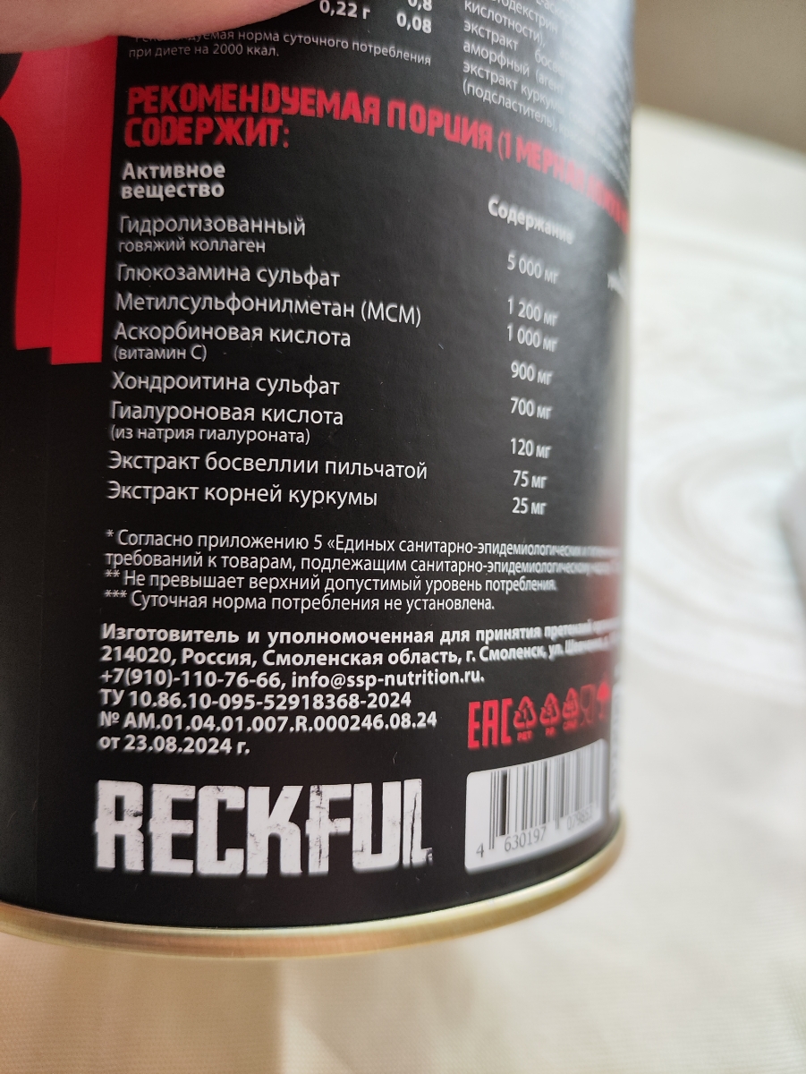 Фото к сожалению нет, пишу отзыв сильно позже. В общем болел коленный сустав , так как изношен и к сожалению ранее я ему не уделял должного внимания. Пропил комплекс , супер . Советую ещё взять к нему куриный коллаген Dc 2 и вообще будет супер связка. Колено не болит , эффект супер. В общем советую, рабочая добавка ????
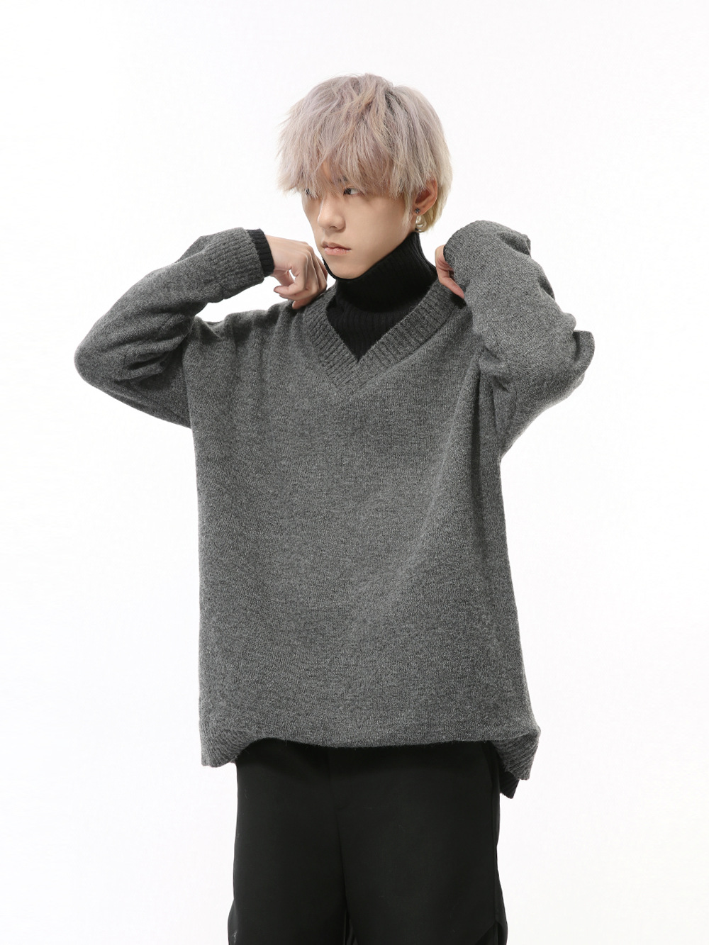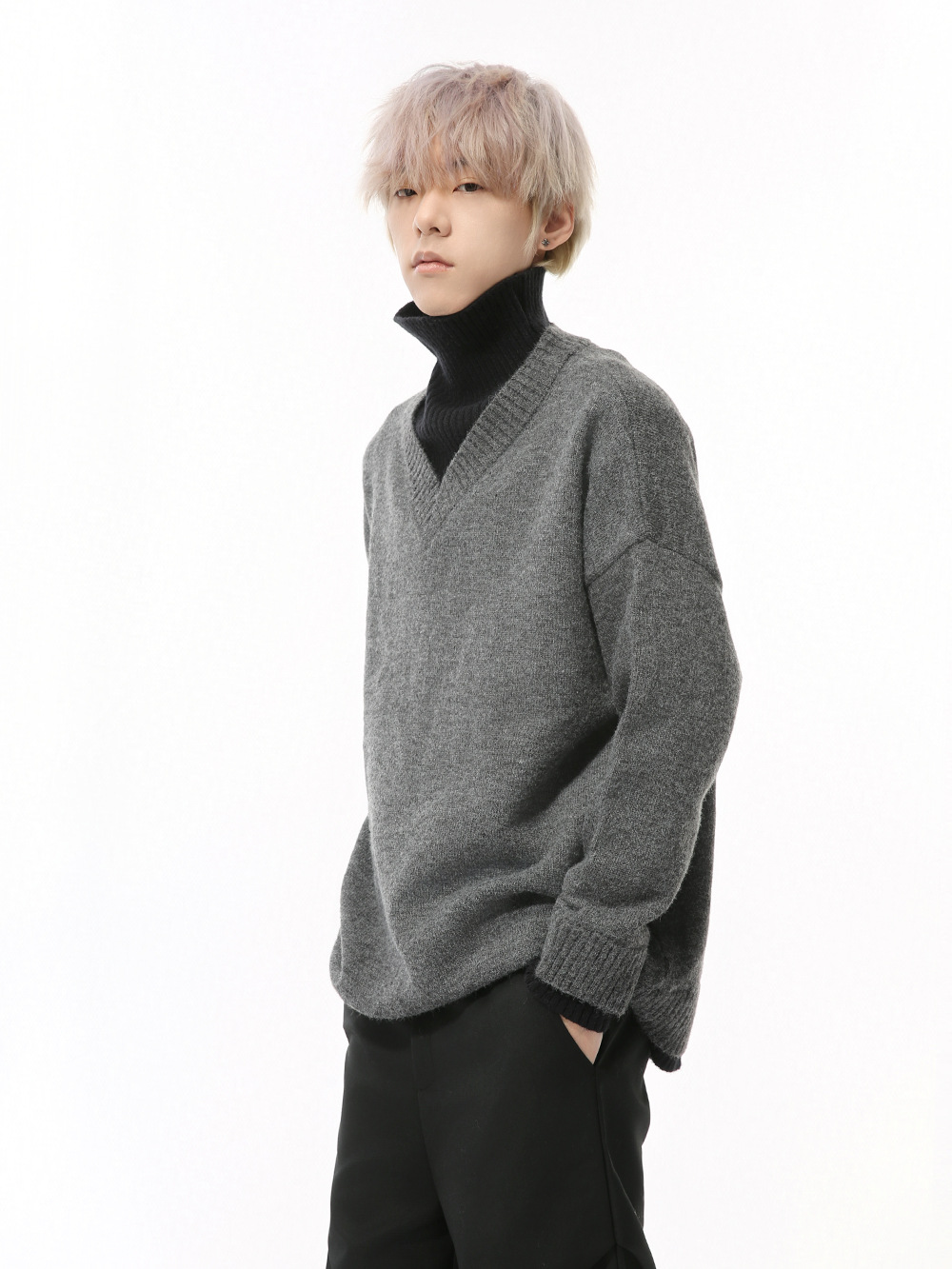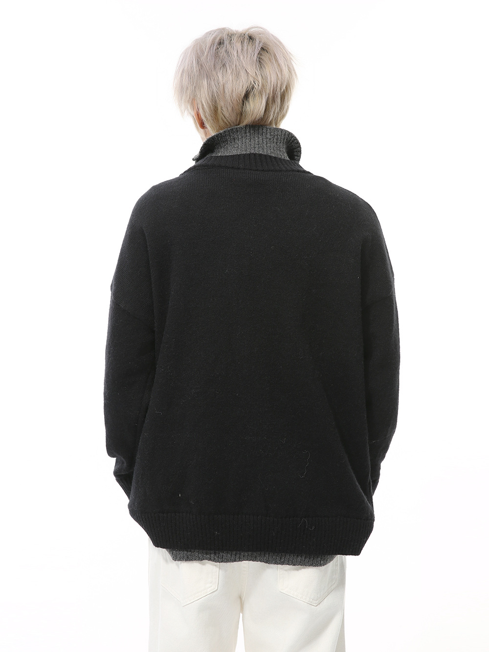 Главная страница > MTLCLOTHES Мужская одежда | Зимний новый сшитый поддельные два контрастных цвета с высоким воротником нишевые нишевые вязаные свитера с V-образным вырезом
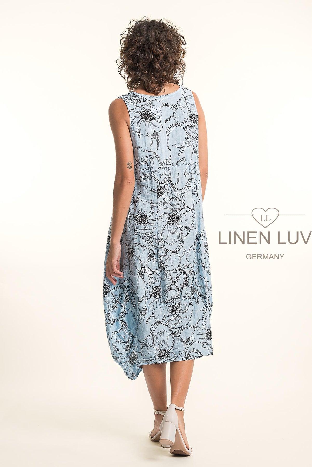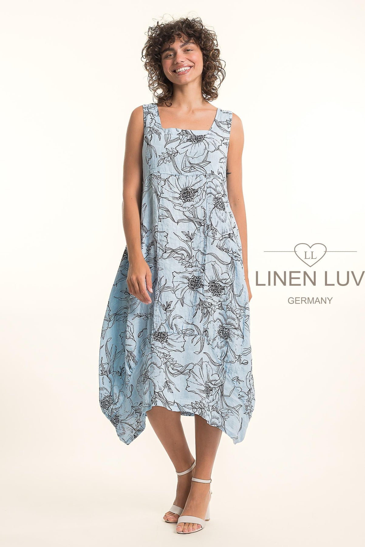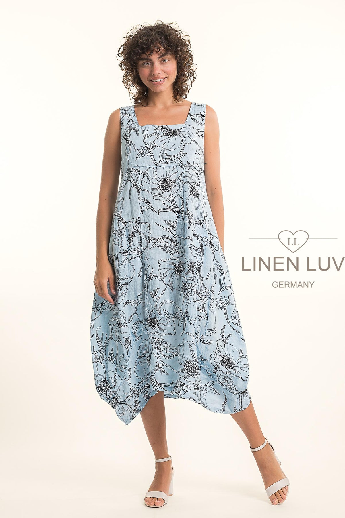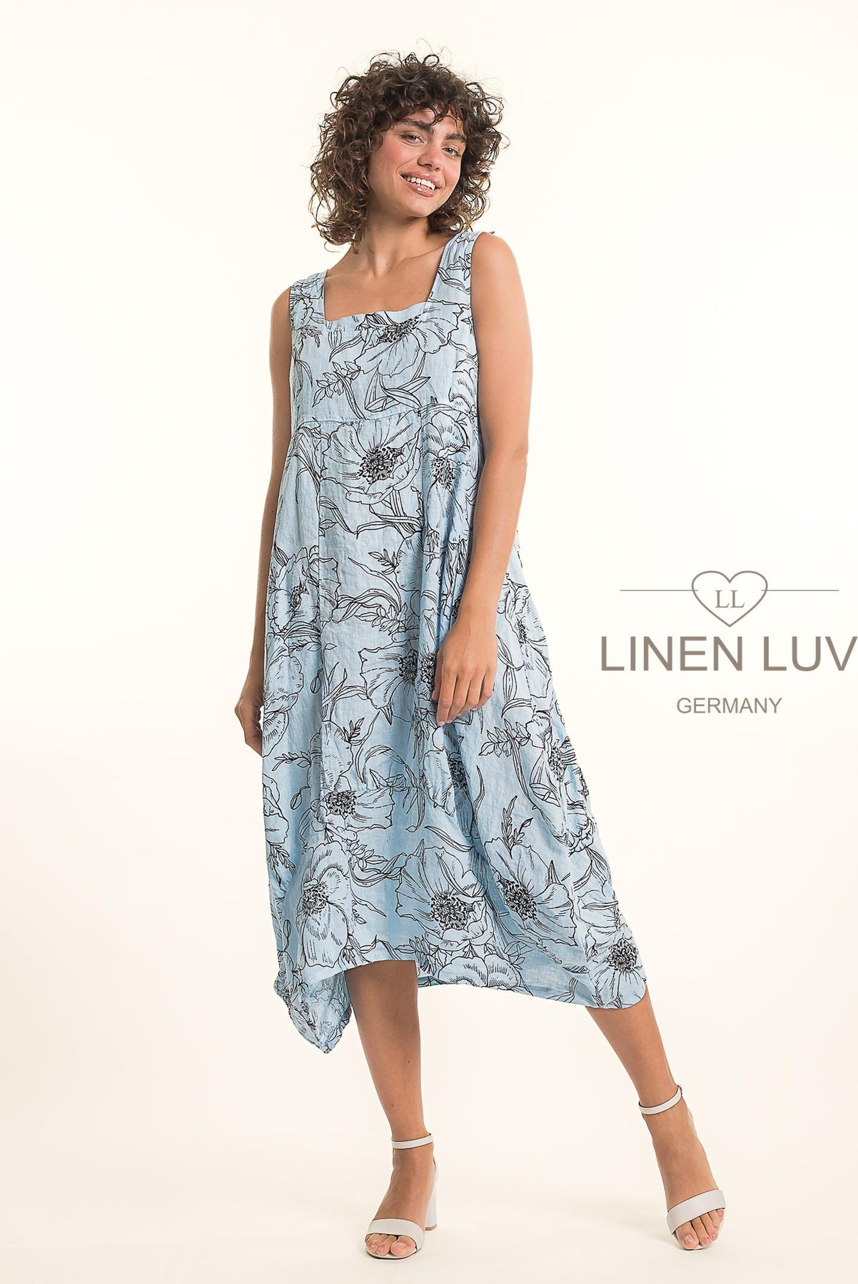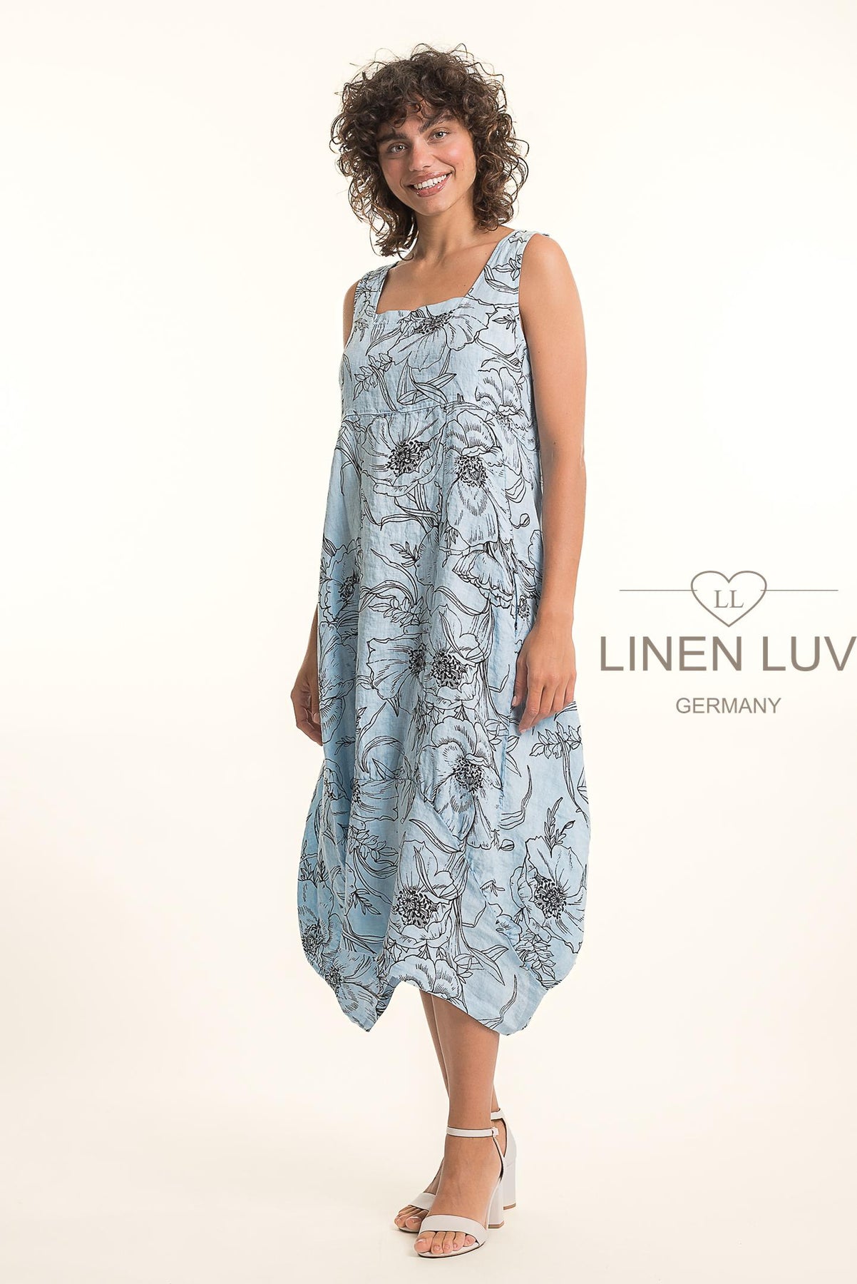 Regular price $139.99 Save $-139.99Beautiful lightweight 100% Linen Floral Midi Dress with empire waistline. Flattering vertical panes and asymmetrical bubble hemline. Pockets. Dress it up or down with heels or flats. Easy breezy style!

......

EXERCISE OBJECTIVE: Your output must consist only of the lines from the line with "Главная страница >" through the final line of the data, both included, reproduced exactly and free of pictures.

ANSWER AREA:
 Главная страница > MTLCLOTHES Мужская одежда | Зимний новый сшитый поддельные два контрастных цвета с высоким воротником нишевые нишевые вязаные свитера с V-образным вырезом
 Regular price $139.99 Save $-139.99Beautiful lightweight 100% Linen Floral Midi Dress with empire waistline. Flattering vertical panes and asymmetrical bubble hemline. Pockets. Dress it up or down with heels or flats. Easy breezy style!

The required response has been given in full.